◆ **SUPPLIED DATA**:
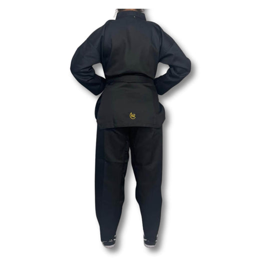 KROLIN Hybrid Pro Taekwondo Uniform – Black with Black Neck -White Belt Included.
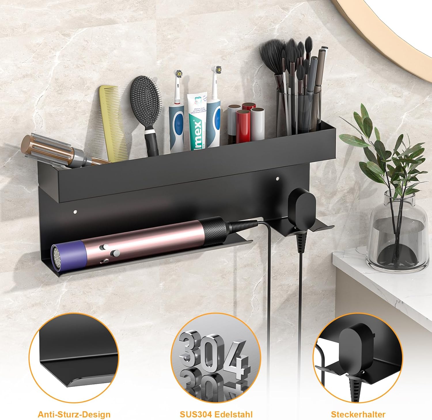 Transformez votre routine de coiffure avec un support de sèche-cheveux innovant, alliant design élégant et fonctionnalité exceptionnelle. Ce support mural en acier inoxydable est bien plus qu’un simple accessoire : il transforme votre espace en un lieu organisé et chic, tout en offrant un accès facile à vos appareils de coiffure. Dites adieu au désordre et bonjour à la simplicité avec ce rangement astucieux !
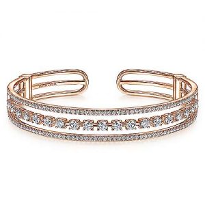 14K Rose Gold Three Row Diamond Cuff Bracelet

◆ **YOUR TASK**: Exclude the pictures and give back the rest of the data above exactly as written.

◆ **RESULT FOR THIS TASK**:
 KROLIN Hybrid Pro Taekwondo Uniform – Black with Black Neck -White Belt Included.
 Transformez votre routine de coiffure avec un support de sèche-cheveux innovant, alliant design élégant et fonctionnalité exceptionnelle. Ce support mural en acier inoxydable est bien plus qu’un simple accessoire : il transforme votre espace en un lieu organisé et chic, tout en offrant un accès facile à vos appareils de coiffure. Dites adieu au désordre et bonjour à la simplicité avec ce rangement astucieux !
 14K Rose Gold Three Row Diamond Cuff Bracelet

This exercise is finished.